Start of Exercise data
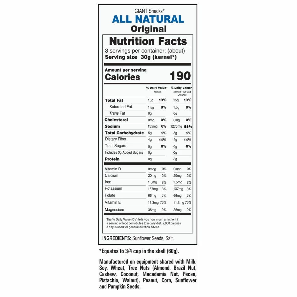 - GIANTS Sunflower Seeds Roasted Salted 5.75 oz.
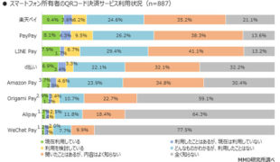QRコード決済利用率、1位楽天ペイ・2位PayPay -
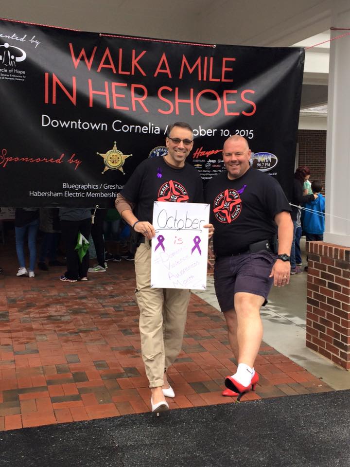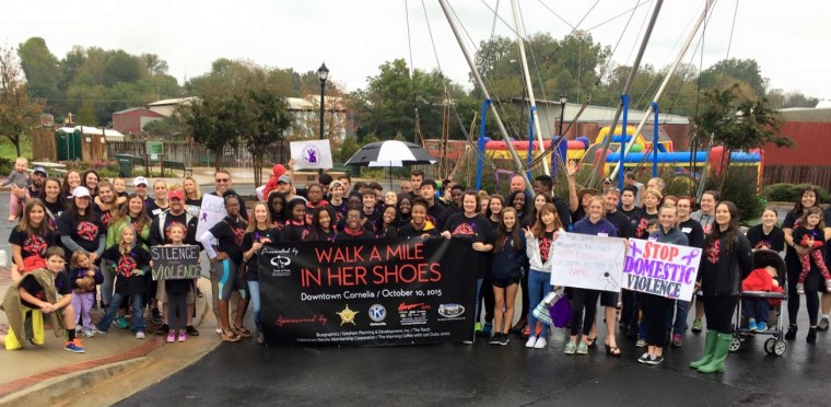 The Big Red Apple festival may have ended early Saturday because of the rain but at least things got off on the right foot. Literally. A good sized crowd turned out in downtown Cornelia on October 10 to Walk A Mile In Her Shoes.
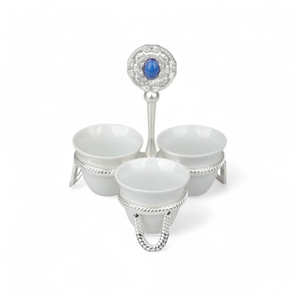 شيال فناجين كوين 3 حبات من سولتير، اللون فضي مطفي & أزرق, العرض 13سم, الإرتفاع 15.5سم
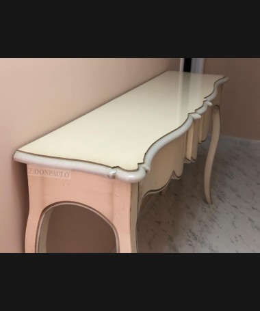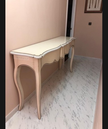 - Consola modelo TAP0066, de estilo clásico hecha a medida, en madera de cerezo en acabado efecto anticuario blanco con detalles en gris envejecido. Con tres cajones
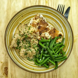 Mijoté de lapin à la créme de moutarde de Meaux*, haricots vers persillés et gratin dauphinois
End of Exercise data
Start of Exercise data
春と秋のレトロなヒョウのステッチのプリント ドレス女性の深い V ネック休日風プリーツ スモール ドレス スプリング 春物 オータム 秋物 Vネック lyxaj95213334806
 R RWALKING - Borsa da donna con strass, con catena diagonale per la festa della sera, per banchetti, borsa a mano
End of Exercise data
To do:
Your task is to restate, word for word, only those lines above that fall between the line holding "春と秋のレトロなヒョウのステッチのプリント ドレス女性の深い V" and the line holding "R RWALKING - Borsa", inclusive.

Finished exercise:
春と秋のレトロなヒョウのステッチのプリント ドレス女性の深い V ネック休日風プリーツ スモール ドレス スプリング 春物 オータム 秋物 Vネック lyxaj95213334806
 R RWALKING - Borsa da donna con strass, con catena diagonale per la festa della sera, per banchetti, borsa a mano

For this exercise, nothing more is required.